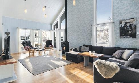 Boligen går over 2.etasjer, med åpen stue og er bundet sammen av flott glasstrapp.
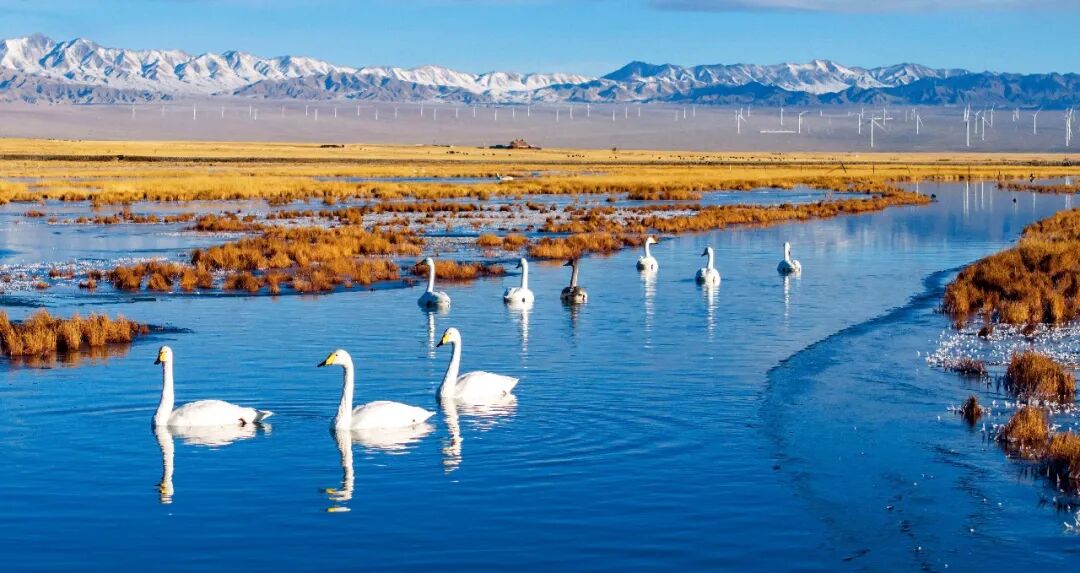 2025年11月14日,甘肃阿克塞县,大天鹅在小苏干湖湿地游弋觅食。本文图/新华
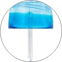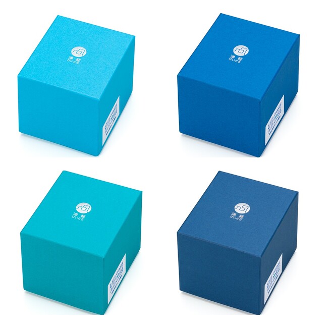 「津軽びいどろ」には青系の色ガラスが10色もあり、その中から選んだ青色を駆使して青森県を囲む4つの海と海風を表現しました。“風鈴 太平洋”は太陽の光に反射したスカイブルーの雄大な海に吹き込む力強い風を渦のような技法で表現。“風鈴 日本海”は北西に位置するコバルトブルーの海に西から東へと大きく吹く偏西風をダイナミックな捻り技法で、潮流の速い津軽海峡はその影響で緑がかって見えるトルコブルーの海に四方八方から吹く暴風をうねるような墨流し技法で“風鈴 津軽海峡”とし、良質なプランクトンが流れ込み魚介類の養殖が盛んな陸奥湾はインディゴブルーの海に内海の穏やかな風を繊細な捻り技法で表現し“風鈴 陸奥湾”としました。2色使いの生地にさらに色ガラス粒を重ねて制作した風鈴はこれまでにないデザインで、無限の色彩表現ができる津軽びいどろならではの商品です。

Work request: Copying starts at the line containing "2025年11月14日,甘肃" and ends at the last line of the material above; repeat only those lines exactly and omit the pictures.

Answer box:
 2025年11月14日,甘肃阿克塞县,大天鹅在小苏干湖湿地游弋觅食。本文图/新华
 「津軽びいどろ」には青系の色ガラスが10色もあり、その中から選んだ青色を駆使して青森県を囲む4つの海と海風を表現しました。“風鈴 太平洋”は太陽の光に反射したスカイブルーの雄大な海に吹き込む力強い風を渦のような技法で表現。“風鈴 日本海”は北西に位置するコバルトブルーの海に西から東へと大きく吹く偏西風をダイナミックな捻り技法で、潮流の速い津軽海峡はその影響で緑がかって見えるトルコブルーの海に四方八方から吹く暴風をうねるような墨流し技法で“風鈴 津軽海峡”とし、良質なプランクトンが流れ込み魚介類の養殖が盛んな陸奥湾はインディゴブルーの海に内海の穏やかな風を繊細な捻り技法で表現し“風鈴 陸奥湾”としました。2色使いの生地にさらに色ガラス粒を重ねて制作した風鈴はこれまでにないデザインで、無限の色彩表現ができる津軽びいどろならではの商品です。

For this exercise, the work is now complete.